Revenue Per MWh (Illustrative Values)Supply & Demand
REC sales help align the supply-demand mismatch in the country’s renewable energy availability.
There are regions in the U.S. with high renewable supply but more limited REC demand (e.g., ERCOT), as well as regions with lower supply and higher demand (e.g., PJM). Furthermore, due to pricing variance across U.S. markets, RECs can be traded to capture arbitrage opportunities. The buying and selling of RECs both improves the economics of electricity procurement and continues to enable the buyer to substantiate renewable energy claims.
While the voluntary and compliance renewable energy markets generally operate separately, they can be complementary in providing multiple revenue streams that operate on different timetables for project developers. Renewable Portfolio Standards (RPS) targets generally increase incrementally over time, and renewable energy projects are often constructed in large increments to take advantage of economies of scale; therefore, available renewable generation may exceed current RPS requirements. Voluntary markets can help provide an alternative market for the output of excess renewable energy capacity, which can be beneficial for project developers.

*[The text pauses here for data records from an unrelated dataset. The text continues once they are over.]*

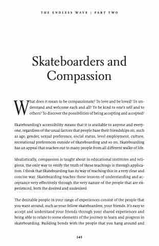 Idealistically, compassion is taught about in educational institutes and reli- gions, the only way to verify the truth of these teachings is through applica- tion. I think that Skateboarding has its way of teaching this in a very clear and concise way. Skateboarding teaches these lessons of understanding and ac- ceptance very effectively through the very nature of the people that are ex- perienced, both the desired and undesired.
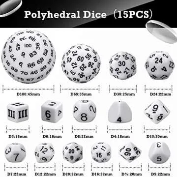 Show more Discover the ultimate dice set that elevates your gaming experience to new heights! Our abundant 15-piece polyhedral dice set features a captivating selection, including D3, D4, D5, D6, D7, D8, D10, D12, D16, D20, D24, D60, and D100. Crafted with precision, these dice meet all your gaming needs whether you're immersed in a fantasy world or embarking on a sci-fi adventure. Each die showcases a classic color scheme with a white background and bold black fonts that ensure each number is clear and easy to read.
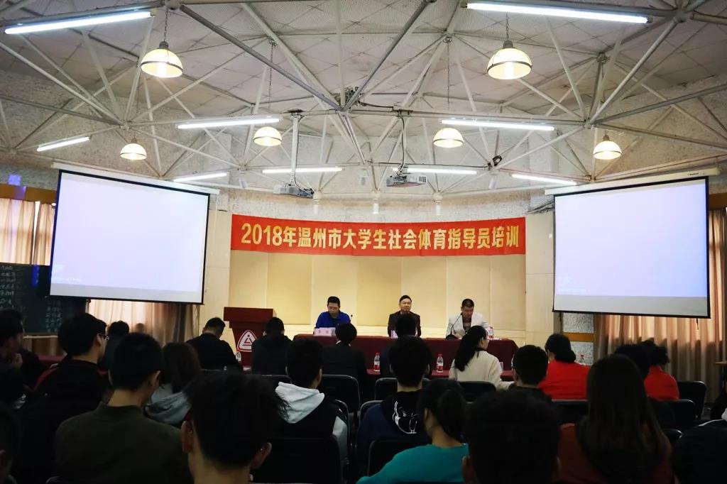 11月19至20日,2018年温州市大学生社会体育指导员培训班在我院举行。共有87名大学生参加了培训。培训班开课前举行了开班仪式,温州市体育局群体处处长温从达、伟德BETVlCTOR1946网球学院副书记朱景多、伟德BETVlCTOR1946网球学院体管专业主任朱秀清、体育教研室主任白福川、指导老师邹文平、辅导员谢戴海等出席了开班仪式,温州市社会体育指导中心社体科副科长李勇主持开班仪式。

REC arbitrage also reduces the cost of RPS compliance by allowing renewable energy to be generated where it makes the most economic sense, allowing greater geographic reach than a given electric delivery system provides and helping to reduce the need for new transmission and distribution. The flexibility RECs provide to meet RPS mandates translates into more renewable deployment. Unbundled RECs can be banked for months or longer, varying by market.Availability
While certain renewable purchasing options are limited to certain customer segments, unbundled RECs are available to more than half of electricity consumers.
According to the Environmental Protection Agency (EPA), unbundled RECs are the only purchasing vehicle that are available to more than half of electricity consumers. In fact, 22% of total U.S. non-residential consumers do not have access to any green power supply option other than unbundled RECs. Given their lower barrier to entry, unbundled RECs are the primary way for many entities to claim the environmental attributes represented by renewable electricity. PPAs and vPPAs are limited to certain customer segments, and depend on an organization’s electricity load requirements, creditworthiness, internal risk policies on the tenure of the supply deals, and internal capabilities to enter into these agreements. Unbundled RECs, therefore, can be an equitable option to promote access to renewable energy across underserved customer segments.
RECs play a crucial role in the renewable energy landscape, serving as essential instruments for verifying and substantiating claims of renewable electricity use. They drive the development of emissions-free renewable resources by providing critical financial support for projects. As an accessible and equitable option for a significant portion of electricity consumers, RECs are a key tool in promoting widespread access to the environmental benefits of renewable energy.